**What is being asked:**
Output only the lines below from the one holding "我们之前设定的RabbitM" down to the one holding "Незабываемый комод I", both end lines included and every picture dropped.

**Data:**
# # # # # # #

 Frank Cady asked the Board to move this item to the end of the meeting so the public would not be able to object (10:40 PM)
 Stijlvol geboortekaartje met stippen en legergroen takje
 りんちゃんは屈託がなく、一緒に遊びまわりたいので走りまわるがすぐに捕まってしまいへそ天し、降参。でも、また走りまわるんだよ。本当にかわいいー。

# # # # # # #

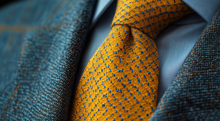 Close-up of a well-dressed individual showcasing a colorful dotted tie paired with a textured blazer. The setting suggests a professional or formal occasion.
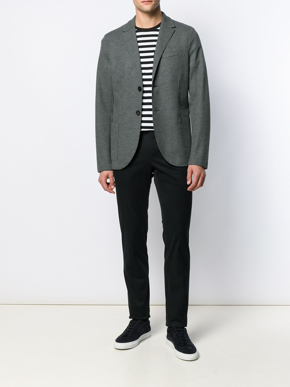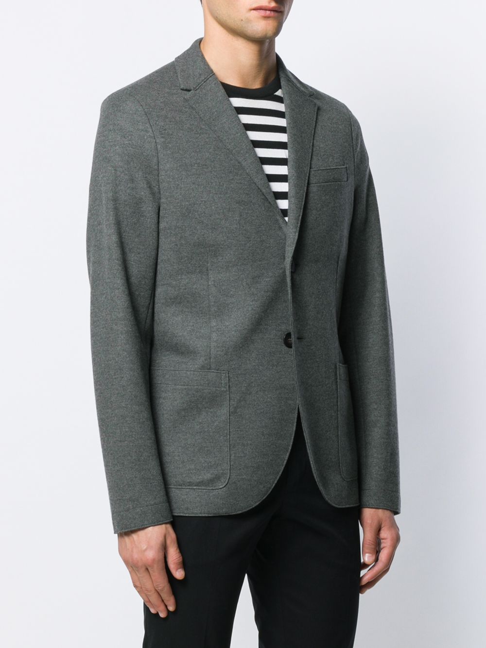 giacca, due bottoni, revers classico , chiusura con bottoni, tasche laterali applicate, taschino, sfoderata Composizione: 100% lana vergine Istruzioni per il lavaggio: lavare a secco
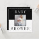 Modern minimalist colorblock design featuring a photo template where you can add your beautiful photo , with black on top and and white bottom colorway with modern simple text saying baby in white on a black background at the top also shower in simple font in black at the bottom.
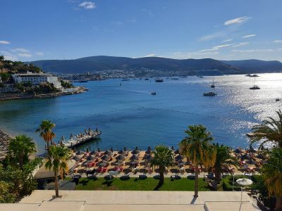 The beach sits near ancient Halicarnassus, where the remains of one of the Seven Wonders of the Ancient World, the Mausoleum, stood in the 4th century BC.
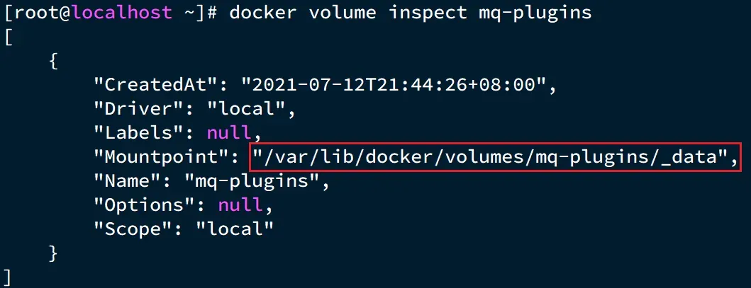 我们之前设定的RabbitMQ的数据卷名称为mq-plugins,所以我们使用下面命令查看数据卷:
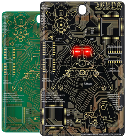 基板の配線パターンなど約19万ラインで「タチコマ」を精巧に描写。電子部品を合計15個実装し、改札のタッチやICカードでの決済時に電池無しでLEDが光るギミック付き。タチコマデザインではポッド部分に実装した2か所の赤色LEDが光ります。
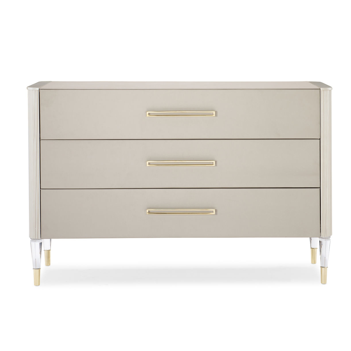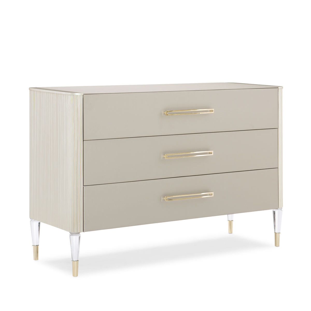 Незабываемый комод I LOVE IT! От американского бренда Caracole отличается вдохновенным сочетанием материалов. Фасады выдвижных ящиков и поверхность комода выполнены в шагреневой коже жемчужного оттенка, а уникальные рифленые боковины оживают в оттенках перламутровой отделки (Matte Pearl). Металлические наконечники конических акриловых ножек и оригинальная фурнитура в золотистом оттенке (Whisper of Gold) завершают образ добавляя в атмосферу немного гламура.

# # # # # # #

**Written answer:**
 我们之前设定的RabbitMQ的数据卷名称为mq-plugins,所以我们使用下面命令查看数据卷:
 基板の配線パターンなど約19万ラインで「タチコマ」を精巧に描写。電子部品を合計15個実装し、改札のタッチやICカードでの決済時に電池無しでLEDが光るギミック付き。タチコマデザインではポッド部分に実装した2か所の赤色LEDが光ります。
 Незабываемый комод I LOVE IT! От американского бренда Caracole отличается вдохновенным сочетанием материалов. Фасады выдвижных ящиков и поверхность комода выполнены в шагреневой коже жемчужного оттенка, а уникальные рифленые боковины оживают в оттенках перламутровой отделки (Matte Pearl). Металлические наконечники конических акриловых ножек и оригинальная фурнитура в золотистом оттенке (Whisper of Gold) завершают образ добавляя в атмосферу немного гламура.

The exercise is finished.